Content starts
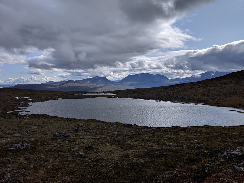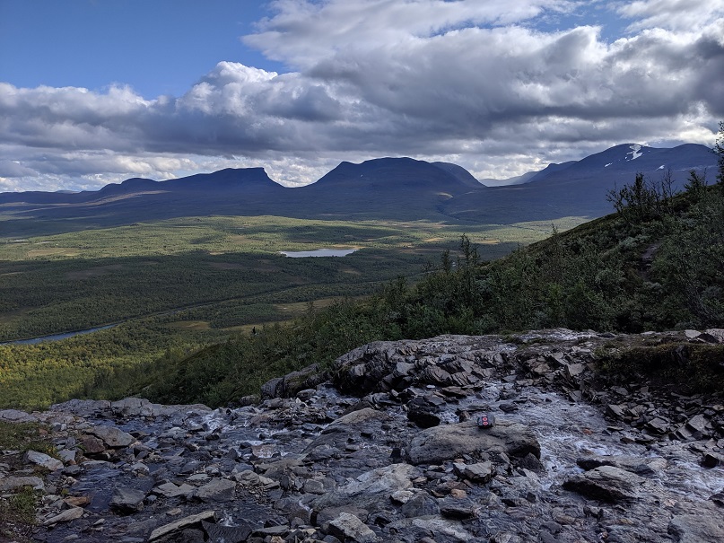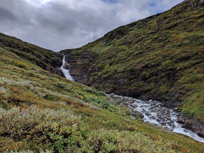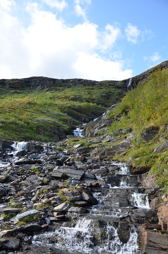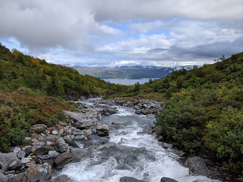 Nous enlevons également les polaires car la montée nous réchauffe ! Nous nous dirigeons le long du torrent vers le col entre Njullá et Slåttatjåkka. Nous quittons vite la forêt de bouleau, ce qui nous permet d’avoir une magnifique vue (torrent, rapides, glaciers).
Content ends
Content starts
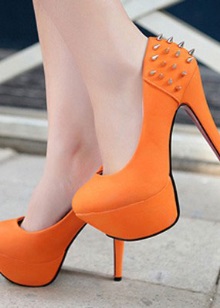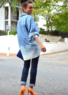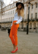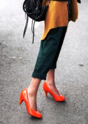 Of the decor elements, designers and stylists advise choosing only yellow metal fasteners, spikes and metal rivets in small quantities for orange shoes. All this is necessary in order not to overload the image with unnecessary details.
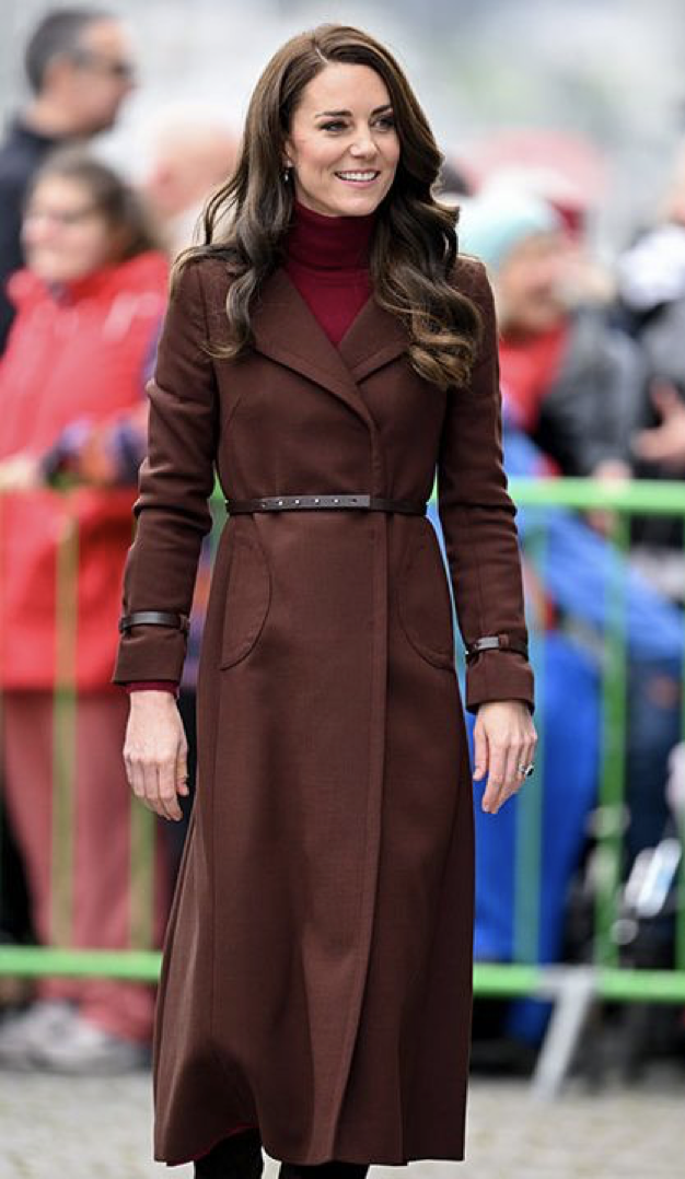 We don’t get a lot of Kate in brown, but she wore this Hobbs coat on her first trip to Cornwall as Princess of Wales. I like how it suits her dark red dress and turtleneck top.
Content ends
Content starts
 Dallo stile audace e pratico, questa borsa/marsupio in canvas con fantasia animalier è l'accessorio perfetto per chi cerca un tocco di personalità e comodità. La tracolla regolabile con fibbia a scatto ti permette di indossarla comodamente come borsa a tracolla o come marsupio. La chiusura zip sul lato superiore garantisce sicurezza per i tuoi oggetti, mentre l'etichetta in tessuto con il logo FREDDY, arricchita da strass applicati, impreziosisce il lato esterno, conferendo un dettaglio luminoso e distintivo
Content ends
Please repeat the lines of the material above exactly, starting with the line that contains "Of the decor" and ending with the line that contains "We don’t get". Leave the pictures out.

## SOLVED PROBLEM
 Of the decor elements, designers and stylists advise choosing only yellow metal fasteners, spikes and metal rivets in small quantities for orange shoes. All this is necessary in order not to overload the image with unnecessary details.
 We don’t get a lot of Kate in brown, but she wore this Hobbs coat on her first trip to Cornwall as Princess of Wales. I like how it suits her dark red dress and turtleneck top.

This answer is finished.